Aracruz bate recorde e anuncia expansão

13/01/2006

      A desvalorização do dólar em relação ao real no ano passado não impediu que a Aracruz Celulose, que exporta 98% de sua produção, batesse mais um recorde no lucro líquido, embora tenha atrapalhado a empresa a repetir um crescimento de dois dígitos como o apurado em 2004. No ano passado, a fabricante de celulose de eucalipto, líder mundial nesse segmento, obteve um lucro líquido de R$ 1,16 bilhão, 9% superior em comparação com os R$ 1,06 bilhão de 2004, que, por sua vez, foi recorde também e 23% maior ante os R$ 870 milhões do ano anterior. O dólar também não impediu que outros recordes (produção e vendas) em 2005 e o planejamento da companhia de investir US$ 200 milhões entre este ano e 2007 para ampliar em 200 mil toneladas a capacidade de produção, para 2,3 milhões de toneladas, de sua Unidade Barra do Riacho, no Espírito Santo.

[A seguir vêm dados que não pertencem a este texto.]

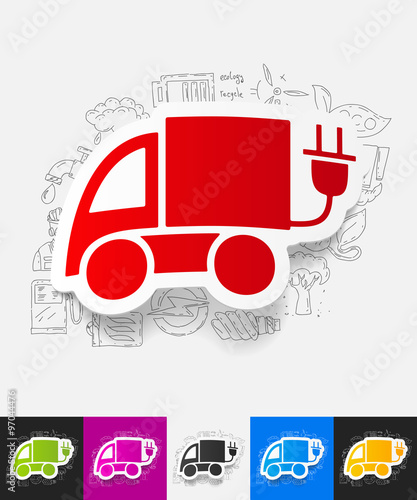 Zralé rajče nakládání do dodávky truck vektorové ikony izolovaných na bílém pozadí

      O diretor financeiro da companhia, Isac Zagury, disse que o investimento será aplicado na modernização das fábricas A, B e C do complexo Barra do Riacho, cujo processo começa já no primeiro semestre deste ano e deverá ser concluído em 18 meses. A previsão é gerar 1,88 mil empregos durante sua execução e de 200 postos de trabalho diretos após o início das operações. Com essa expansão, a Aracruz passará a ter uma capacidade produtiva de cerca de 3,2 milhões de toneladas, números que já foram ampliados no ano passado com a entrada em funcionamento da Veracel, joint venture da empresa sueco-finlandesa Stora Enso, que neste ano deve render somente à companhia brasileira 470 mil toneladas de celulose.

      A cotação da moeda norte-americana também não intimida a Aracruz em relação os planos de aumento nas vendas para 3 milhões de toneladas este ano ante 2,6 milhões de toneladas de 2005, que já foi um recorde, com alta de 6% sobre 2004. Zagury prevê que continuará a boa demanda internacional, causada, sobretudo, pelo apetite norte-americano e asiático, pelo fechamento de fábricas de alto custo no Hemisfério Norte e pela baixa oferta de celulose, já que os projetos de expansão previstos para o setor não devem ficar prontos em 2006.

      Em 2005, a produção recorde da Aracruz foi de 2,8 milhões de toneladas, alta de 12% em comparação com 2004. O dólar desvalorizado, entretando, diminuiu em 5% a receita líquida da companhia, para R$ 3,25 bilhões na comparação dos mesmos períodos.